闻听朱由校此言,朱求桂只得硬着头皮回应:
“陛下所言虽有道理,但臣也有难处。”
“王府名下的田地、产业,户部皆有明细。至于晋藩俸禄、日常开支,臣这里也都有账目,陛下可随时查验。”
这种话拿来应付别人或许可行,但面对皇帝就显得太过敷衍了。若真要彻查,你晋王府那些见不得光的事,哪一件能经得起推敲?

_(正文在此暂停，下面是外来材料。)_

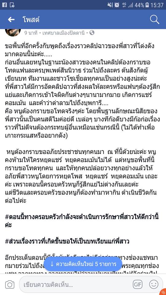 โดยน้องสาวของหญิงสาวคนดังกล่าว ได้กราบขออภัยแฟนละคร และทีมงานผู้ผลิตละคร ถึงเรื่องดังกล่าว พร้อมขอร้องให้หยุดแชร์คลิปของพี่สาว โดยตอนนี้ทางครอบครัวกำลังดำเนินการรักษาพี่สาวให้ดีกว่านี้
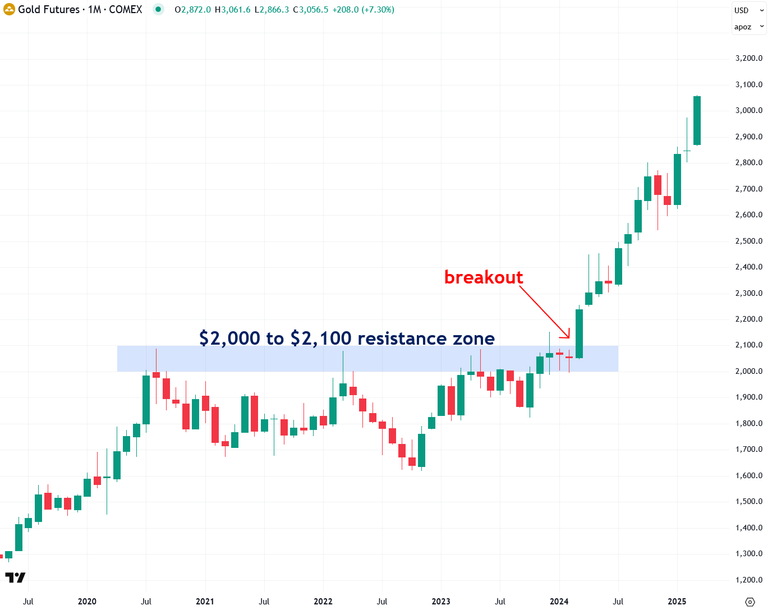 Also, take a look at the chart below and notice how gold struggled from 2020 to early 2024 to break above the $2,000–$2,100 resistance zone, which acted as a price ceiling for much of that period. Despite multiple attempts, gold was repeatedly pushed back down. However, in March 2024, it finally broke out, igniting the powerful bull market we see today. I see striking parallels with silver's $32–$33 resistance zone over the past year and believe that once silver manages to close above this level, it will soar just as gold did.
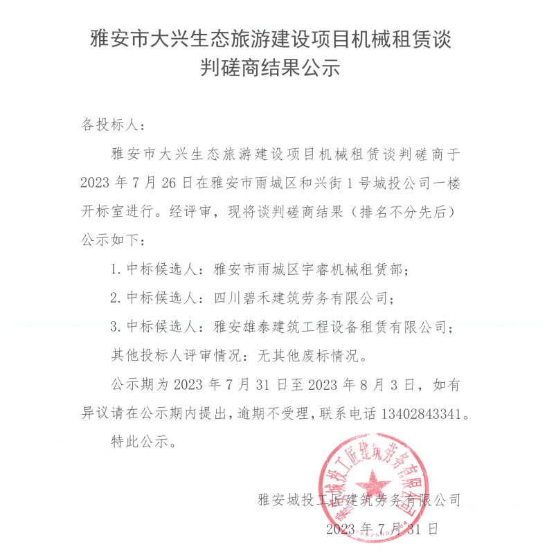 雅安市大興生態(tài)旅游建設(shè)項(xiàng)目機(jī)械租賃談判磋商結(jié)果公示
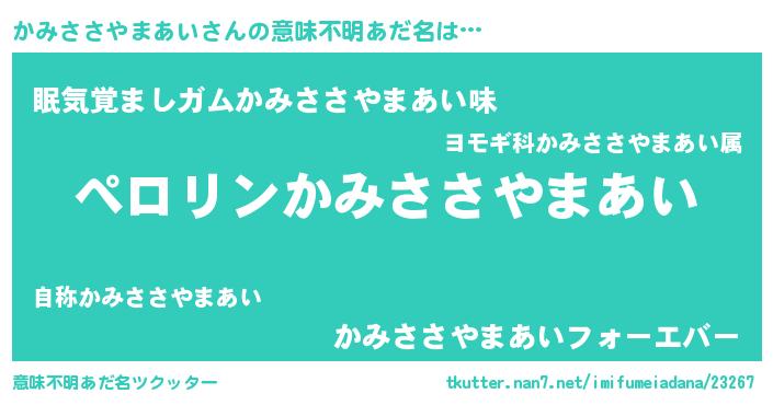 | ヒーロー風カッコイイあだ名 | 『スーパーカミササヤマアイ』 |
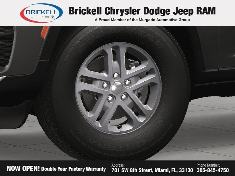 Price includes: $2250 - 2025 National Retail Bonus Cash . Exp. 03/02/2026 $500 - 2025 National 2025 First Responder Bonus Cash. Exp. 01/04/2027 $500 - 2025 National 2025 Military Bonus Cash. Exp. 01/04/2027 $500 - 2025 Southeast BC Retail Bonus Cash . Exp. 03/02/2026 Discover Your Next Vehicle at Brickell Chrysler Dodge Jeep Ram Welcome to Brickell CDJR, where we go beyond selling cars. We double the factory powertrain warranty, giving you added peace of mind. Our dealership offers one of the largest new car inventories in the region, ensuring you find the right vehicle Prices displayed do not included our Perma-plate. Our state-of-the-art service department is the largest in the country and is open seven days a week from 7 AM to 9 PM. Visit us at 701 SW 8th St, Miami, FL 33130, or call 305-777-2800 to learn more and schedule a test drive. The displayed price includes an incentive for financing with Brickell CDJR Finance Company. Outside financing and bank drafts are not accepted. All pre-owned vehicle exports are subject to an export fee. Prices apply only to customers who live, work, or worship in Broward, Miami-Dade, Palm Beach, Monroe, Collier, Hendry, Lee, Glades, Martin, St. Lucie, Okeechobee, Manatee, Hillsborough, Osceola, or Orange County. Customers outside these counties will pay an additional $ Taxes, title, registration, and dealer fees apply. Factory MSRP: $41,220 Baltic Gray Metallic Clearcoat 2025 Jeep Grand Cherokee Laredo RWD 8-Speed Automatic 3.6L V6 24V VVT

尤其是那些早已超出洪武年间封赏数倍的田产和资产,你当真以为没人知道?
那些从民间强行兼并来的土地,虽然一部分已名正言顺划归王府,但仍有相当数量属于账外暗藏。
然而目前局势未稳,朱由校还无法公然翻脸。
“朕一向顾念血脉之情,但晋王却处处回避推脱,难道他忘了自己也是太祖一脉的子孙?还是说,他已经不承认自己姓朱了?”
“臣惶恐万分,即便立刻命丧黄泉,也绝不敢忘记自己乃太祖后裔。只是晋王府财力实在紧张,还请陛下海涵!”
朱由校已有些烦躁。晋王明明听懂了他的意思,却还在绕弯子、打哑谜,妄图蒙混过关。
“既然晋王自己也难以为继,朕自然不愿强人所难。若逼得晋王倾家荡产,岂不显得朕太过无情?”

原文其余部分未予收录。